Hello, this is Claire Ellerhorst, Private Bank Investment Strategist at Fifth Third Bank with this week’s Economic Beat.
Major U.S. equity indices were mixed to modestly positive last week, as investors continued to assess the impact of the war in Ukraine and a more hawkish Federal Reserve. The S&P 500 Index rose just under one tenth of one percent in total return for the week, while the Nasdaq Composite rose 0.7% and the Dow Jones Industrial Average fell 0.1%. The S&P 500 clocked its first quarterly decline since early 2020, ending the first quarter down 4.6% in total return, even after rallying back 3.7% in the month of March. Oil prices dropped last, with West Texas Intermediate crude down 12.8%, the biggest weekly drop since April 2020. The U.S. 10-year Treasury yield fell 9 basis points to end the week at 2.38% but remains up 87 basis points year-to-date. The 2-year to 10-year yield curve inverted for the first time since 2019, with the 2-year U.S. Treasury yield now higher than the 10-year yield. Yield curve inversions are historically considered a leading indicator for recession but must persist to be a meaningful indicator.
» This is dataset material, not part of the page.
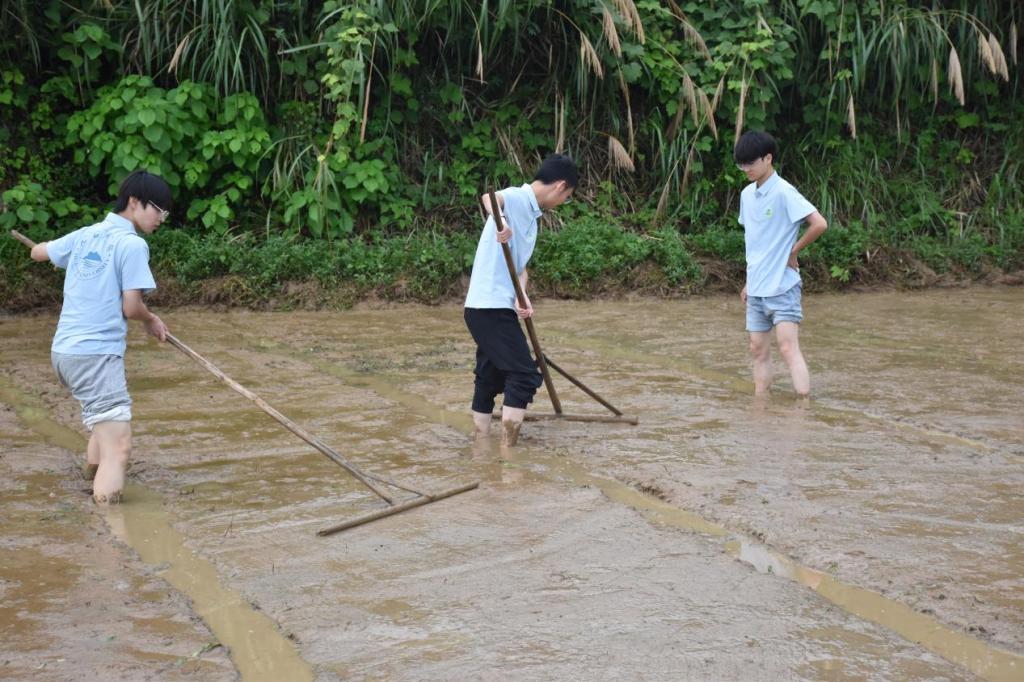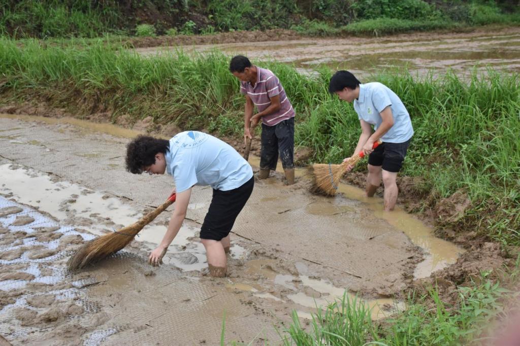 6月26日,实践队在东山村深入农耕一线,队员们踏入泥泞水田,分组协作进行平田备耕。一组弓腰持木耙,细致打碎泥块、抹平田面;另一组认真清理田中育秧设施。汗水浸透衣衫间,队员们切身体悟“粒粒皆辛苦”。旋即投身“守护绿水青山”环境保护志愿服务活动中,分组清理村道、河道及公共区域垃圾,村容焕新;同时向村民宣讲垃圾分类、秸秆禁烧知识,倡导绿色生活。

Even if the inversion is accurately signaling a recession ahead, it does not tell us when that will happen or the heights that the market might achieve before any prospective bear market and recession.
The U.S. economic calendar was busy last week. Arguably the most closely watched release was Friday’s employment situation report from the Bureau of Labor Statistics. The report showed U.S. employers added 431,000 workers to payrolls in March, less than anticipated but following an upwardly revised increase of 750,000 in February. The unemployment rate fell more than expected to 3.6%, close to its pre-pandemic low. The labor force participation rate continued to tick higher and wage gains accelerated. A separate report, the Job Openings and Labor Turnover Survey, showed there were still more than 11 million job openings in February and 4.4 million Americans quit their jobs during the month. Both labor reports reinforced the Federal Reserve’s plans for tightening in the coming months.
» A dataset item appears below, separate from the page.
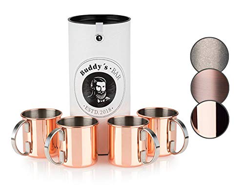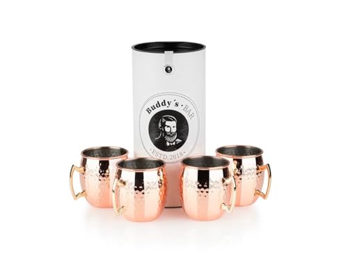 Buddy´s Bar – Moscow Mule bägare, 450 ml, högkvalitativ rostfri mugg, livsmedelssäker, cocktailkopp inklusive presentförpackning, kopparpolerad, uppsättning om 4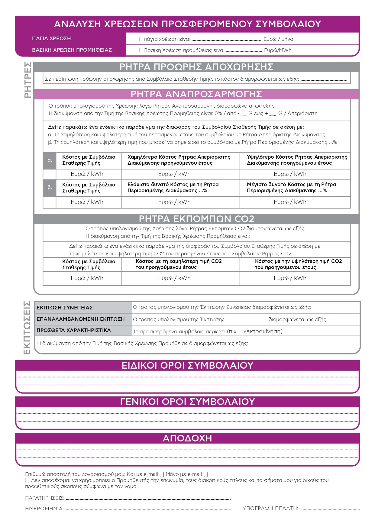 Σε ότι αφορά το τυποποιημένο έντυπο προσφορών, η ΡΑΕ υπενθυμίζει πως κατά το προσυμβατικό στάδιο, προβλέπεται ότι οι Προμηθευτές οφείλουν να τηρούν την αρχή της διαφανούς, ακριβούς και κατανοητής πληροφόρησης κατά την επικοινωνία τους με τους Καταναλωτές και την εν γένει προώθηση των προϊόντων τους. Μάλιστα, ειδικά για τους Μικρούς Πελάτες, προβλέπεται επιπλέον ότι η Προσφορά Προμήθειας περιλαμβάνει «σαφή, εύλογα και διαφανή κριτήρια βάσει των οποίων λαμβάνει χώρα η αναπροσαρμογή των Χρεώσεων Προμήθειας».

The Institute for Supply Management’s Manufacturing Purchasing Managers’ Index, considered an important indicator for the health of the economy, unexpectedly fell to 57.1 in March but remains well above the level of 50 that indicates expansion in the sector. We also got a reading on consumer confidence from the Conference Board, which showed a modest increase for March, though the reading for February was revised lower. The war in Ukraine weighed on confidence, as well as the highest inflation in decades.
In the week ahead, the economic calendar includes readings on factory orders and the trade balance. Minutes are released from the Federal Reserve’s March meeting, during which officials voted to raise the Fed funds rate for the first time since the pandemic started amid surging inflation and a strong labor market. The minutes will be scrutinized for clues on the path forward for monetary policy, in particular discussions around quantitative tightening – the selling of assets on the Fed’s balance sheet—and the potential for a 50-basis point rate hike at its next meeting in May.
As always, we’ll be watching and reporting back to you. Thank you.